What you should do
Omit each picture as you copy the entries exactly.

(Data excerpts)
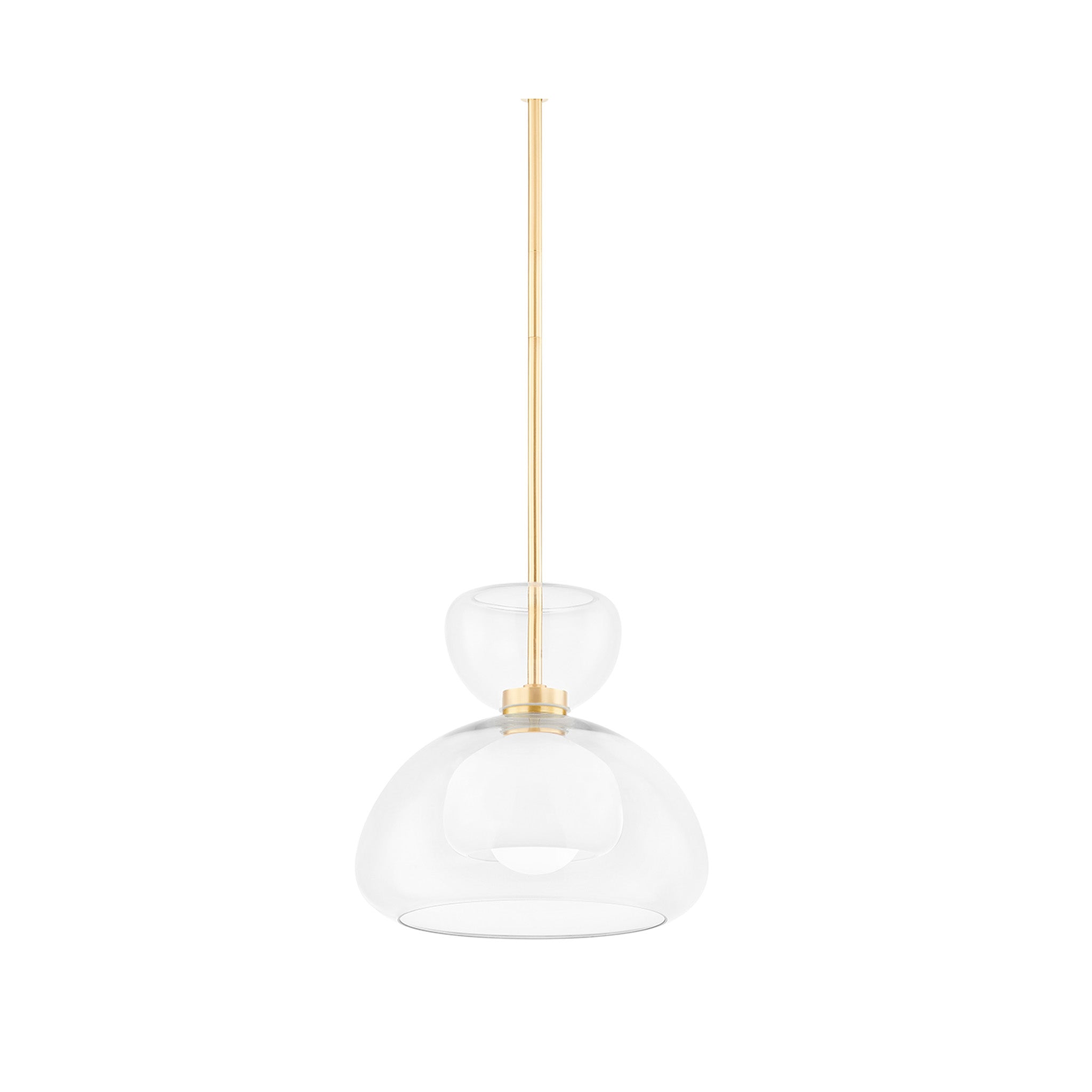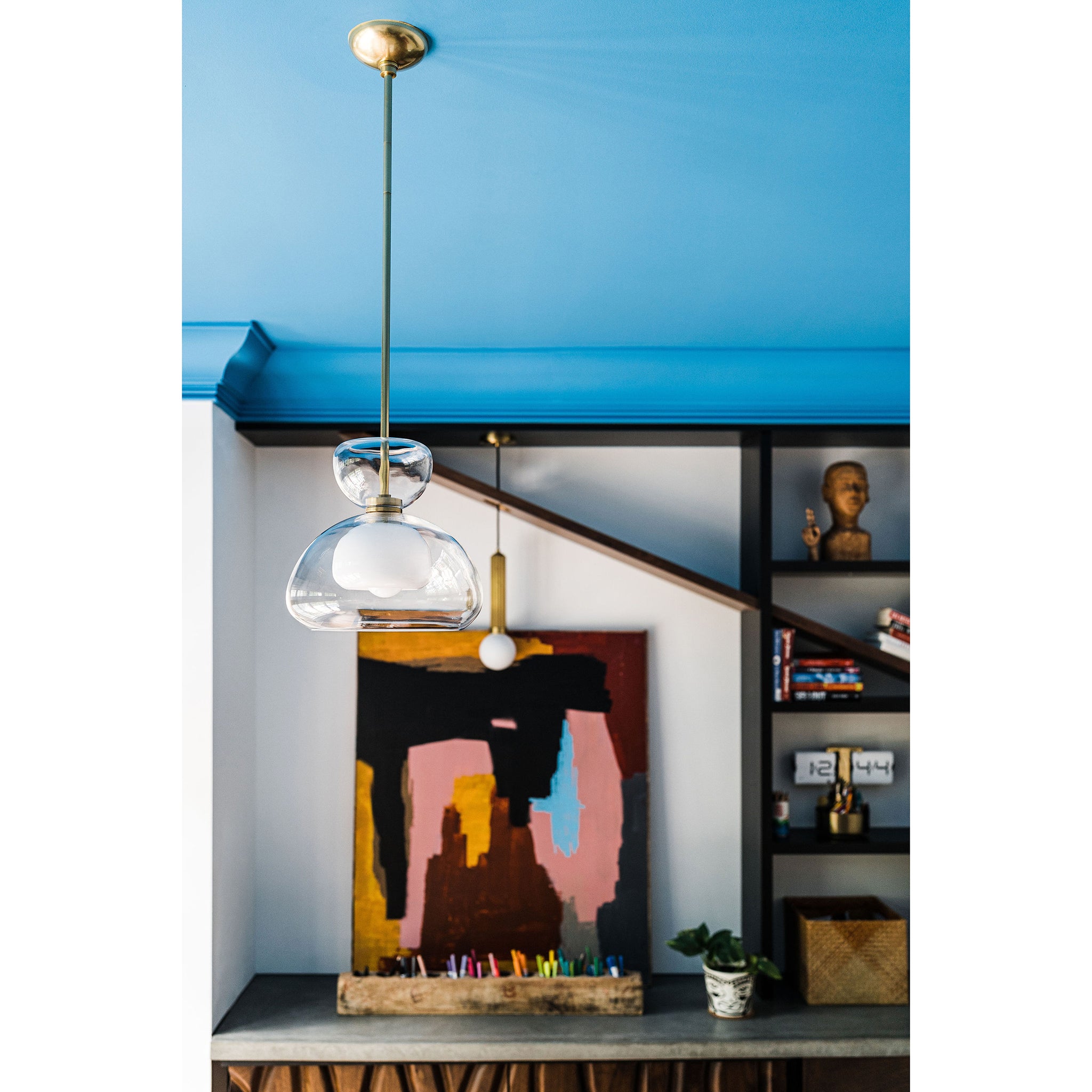 Cortney is a gorgeous combination of mixed glass with Aged Brass. An opal glossy glass shade is captured within a clear glass shade for a look that is both trendy and useable. Light flows through the open shades and reflects inside them. The opal glass table lamp, with its visible Aged Brass pull chain, adds a stylish pop and polish to any space. Also available as a wall sconce, semi-flush, and pendant. Part of our Home Ec. x Mitzi Tastemakers collection.
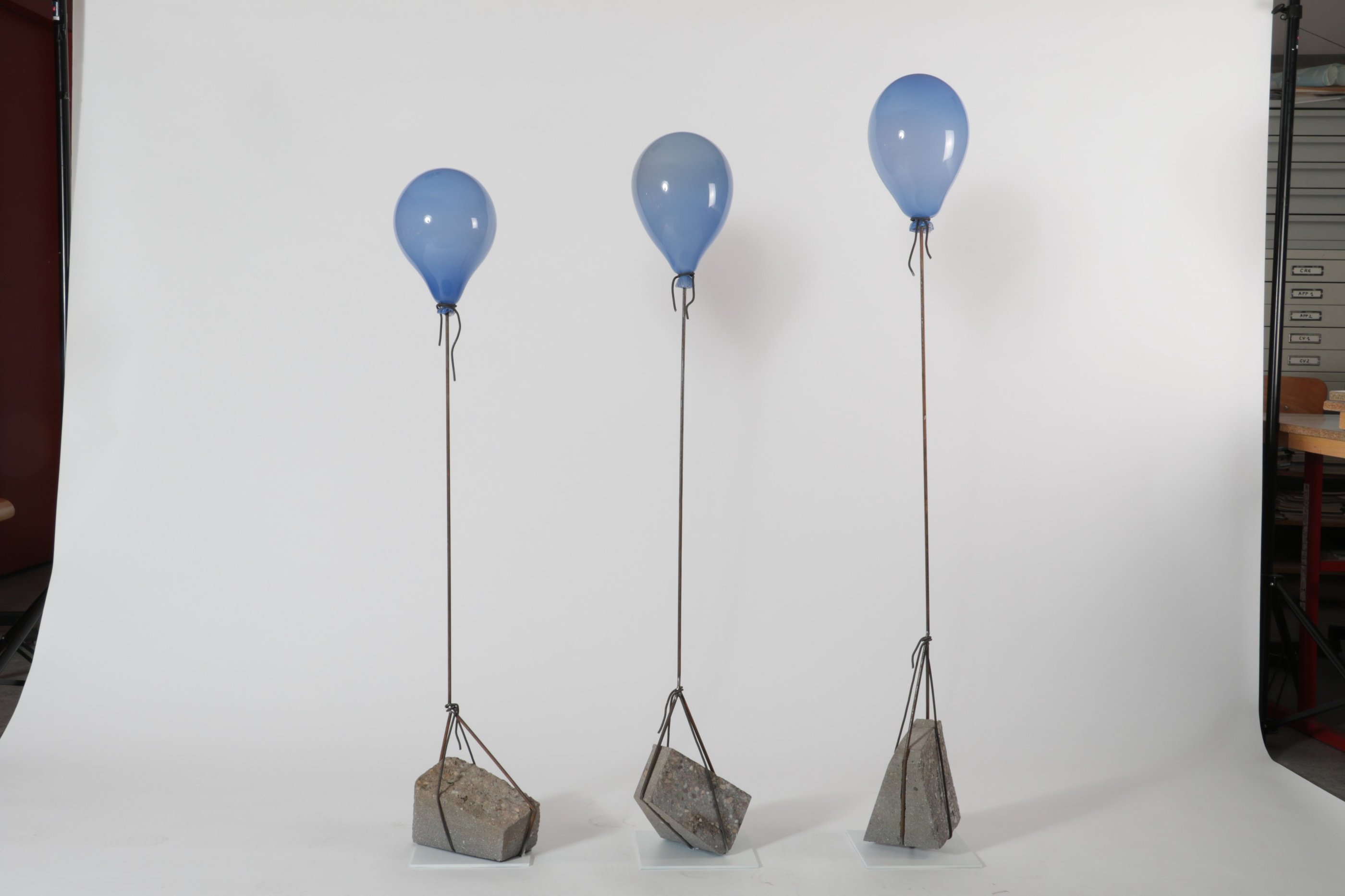 Steel, blown and sandblasted glass, electrical system, magnets
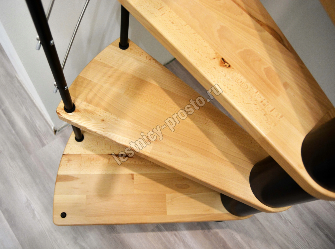 Cтупени и поручень изготовлены из массива дуба и покрыты специальным лаком от компании Минка, который предотвращает царапины, сколы или стирание поверхности при интенсивном использовании лестницы. Благодаря возможности регулировать высоту шага с помощью пластиковых вставок (входят в базовый комплект), высоту лестницы можно варьировать в пределах от 2860 до 3090 мм. Кроме того, купив дополнительную секцию для этой лестницы, можно поднять высоту до 3320 мм.
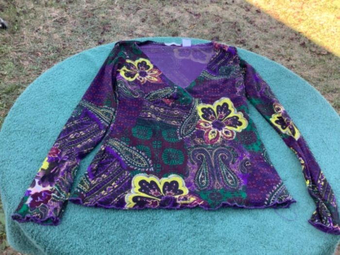 Tee-shirts blouse multicolores violet,jaune, vert, Bordeaux, blanc , le corps est doublé pas les manches qui sont longues, taille 38/40 , marque La redoute.
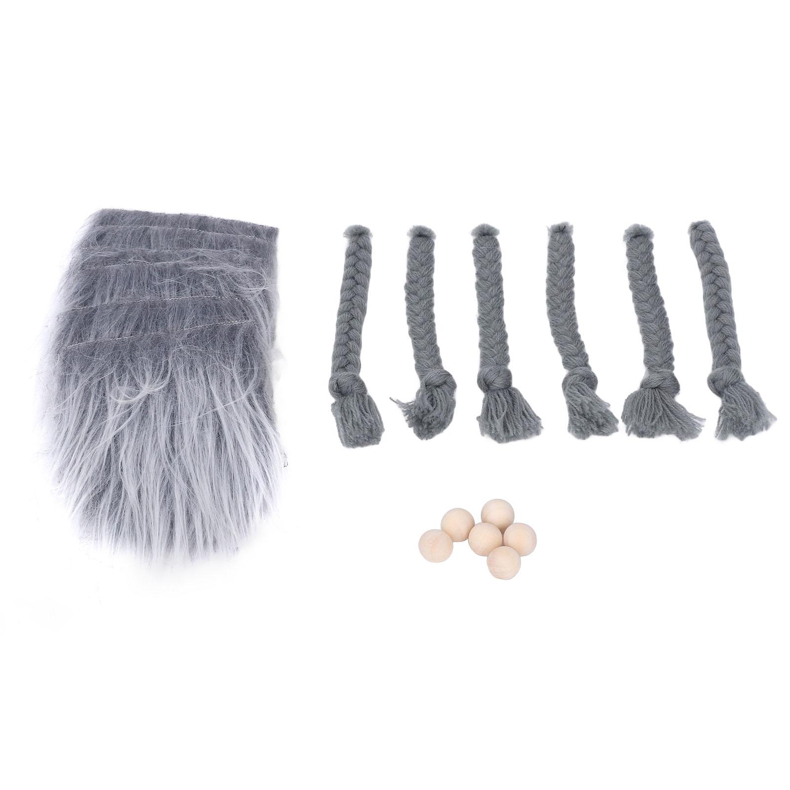 18 шт. предварительно нарезанная борода гнома, пушистая серая, костюмная плетеная борода с деревянными шариками для поделок, украшений
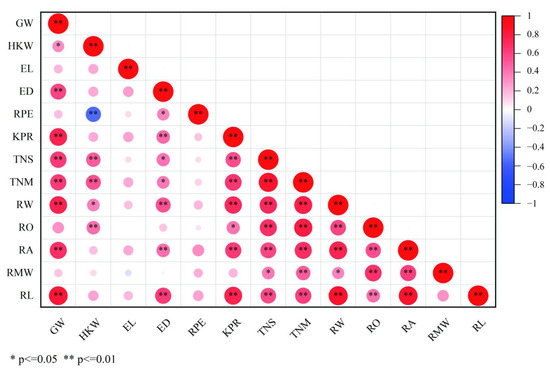 Correlation coefficients between grain yield, N accumulation, and root system traits of six cultivars under three nitrogen (N) conditions. * significant at the 0.05 probability level; ** significant at the 0.01 probability level. GW, Grain weight; HKW, hundred-kernel weight; EL, Ear length; BHL, Bald head length; ED, Ear diameter; RPE, Rows per ear; KPR, Kernels per row; TNS, total N accumulation at silking; TNM, total N accumulation at maturity; RW, root weight; RO, root angle opening; RA, root surface area; RMW, root maximal width; RL, root length.
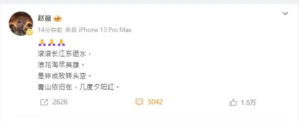 内文先是附上了3个双手合十的符号,隐晦地写下诗词“滚滚长江东逝水,浪花淘尽英雄。是非成败转头空。青山依旧在,几度夕阳红。”网民纷纷发声:“就知道小燕子会出现的”。
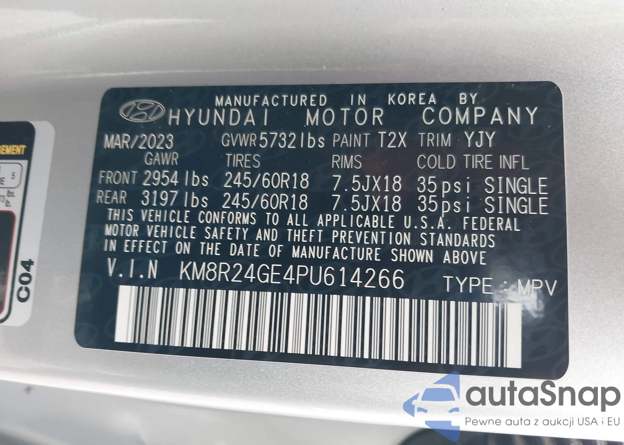 • VIN: KM8R24GE4PU614266
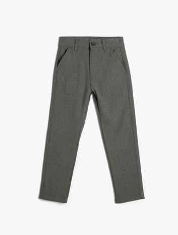 Kumaş Pantolon Slim Fit Beli Bağcıklı Dar Paça Cepli
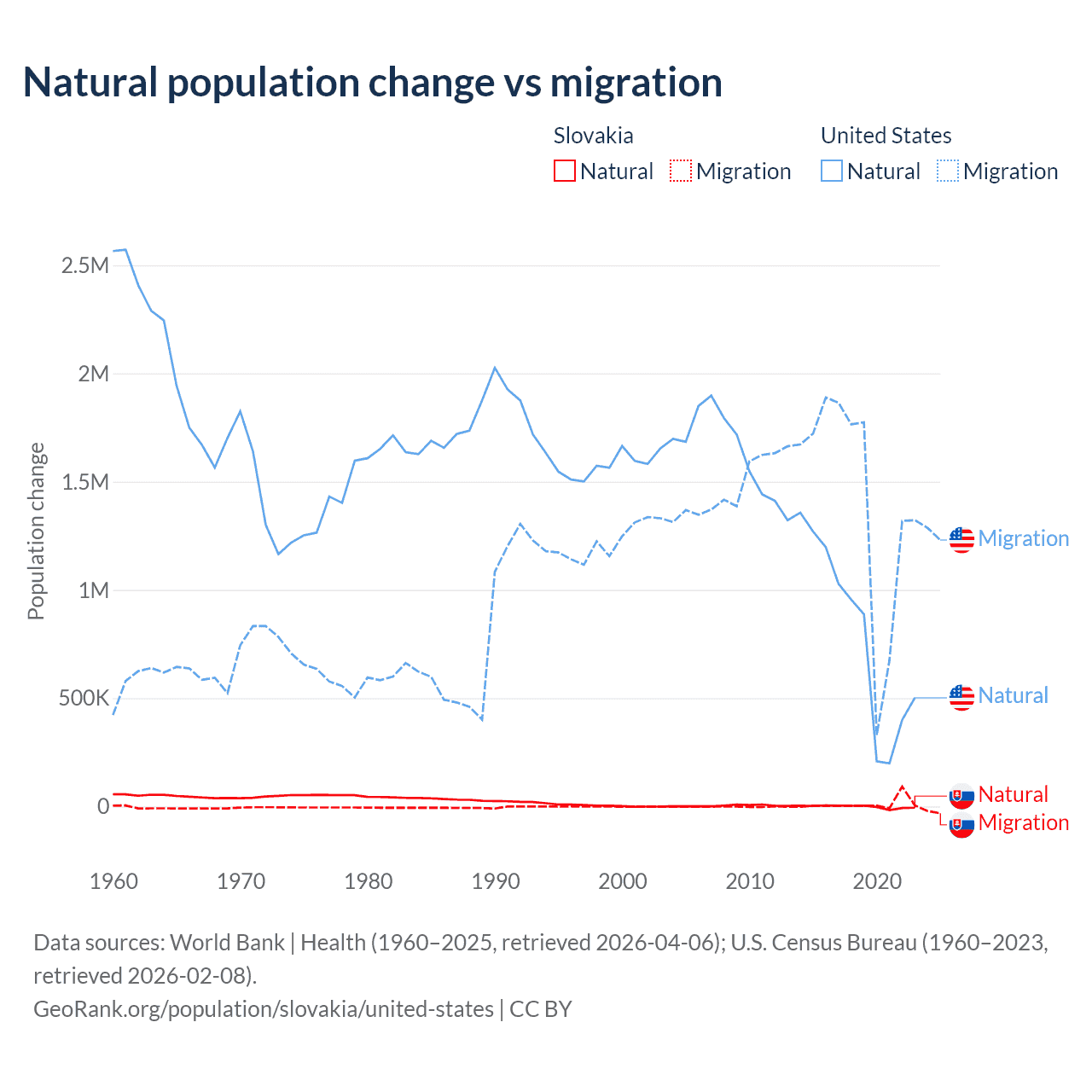 Over the last 10 years, 7.47% of the population change in Slovakia is from natural causes (a loss of 8,728 people) and 92.5% is from migration (a gain of 108,156 people). In the United States 35.8% is from natural causes (a gain of 8,005,866 people) and 64.2% is from migration (a gain of 14,334,286 people).

Answer to the problem
 Cortney is a gorgeous combination of mixed glass with Aged Brass. An opal glossy glass shade is captured within a clear glass shade for a look that is both trendy and useable. Light flows through the open shades and reflects inside them. The opal glass table lamp, with its visible Aged Brass pull chain, adds a stylish pop and polish to any space. Also available as a wall sconce, semi-flush, and pendant. Part of our Home Ec. x Mitzi Tastemakers collection.
 Steel, blown and sandblasted glass, electrical system, magnets
 Cтупени и поручень изготовлены из массива дуба и покрыты специальным лаком от компании Минка, который предотвращает царапины, сколы или стирание поверхности при интенсивном использовании лестницы. Благодаря возможности регулировать высоту шага с помощью пластиковых вставок (входят в базовый комплект), высоту лестницы можно варьировать в пределах от 2860 до 3090 мм. Кроме того, купив дополнительную секцию для этой лестницы, можно поднять высоту до 3320 мм.
 Tee-shirts blouse multicolores violet,jaune, vert, Bordeaux, blanc , le corps est doublé pas les manches qui sont longues, taille 38/40 , marque La redoute.
 18 шт. предварительно нарезанная борода гнома, пушистая серая, костюмная плетеная борода с деревянными шариками для поделок, украшений
 Correlation coefficients between grain yield, N accumulation, and root system traits of six cultivars under three nitrogen (N) conditions. * significant at the 0.05 probability level; ** significant at the 0.01 probability level. GW, Grain weight; HKW, hundred-kernel weight; EL, Ear length; BHL, Bald head length; ED, Ear diameter; RPE, Rows per ear; KPR, Kernels per row; TNS, total N accumulation at silking; TNM, total N accumulation at maturity; RW, root weight; RO, root angle opening; RA, root surface area; RMW, root maximal width; RL, root length.
 内文先是附上了3个双手合十的符号,隐晦地写下诗词“滚滚长江东逝水,浪花淘尽英雄。是非成败转头空。青山依旧在,几度夕阳红。”网民纷纷发声:“就知道小燕子会出现的”。
 • VIN: KM8R24GE4PU614266
 Kumaş Pantolon Slim Fit Beli Bağcıklı Dar Paça Cepli
 Over the last 10 years, 7.47% of the population change in Slovakia is from natural causes (a loss of 8,728 people) and 92.5% is from migration (a gain of 108,156 people). In the United States 35.8% is from natural causes (a gain of 8,005,866 people) and 64.2% is from migration (a gain of 14,334,286 people).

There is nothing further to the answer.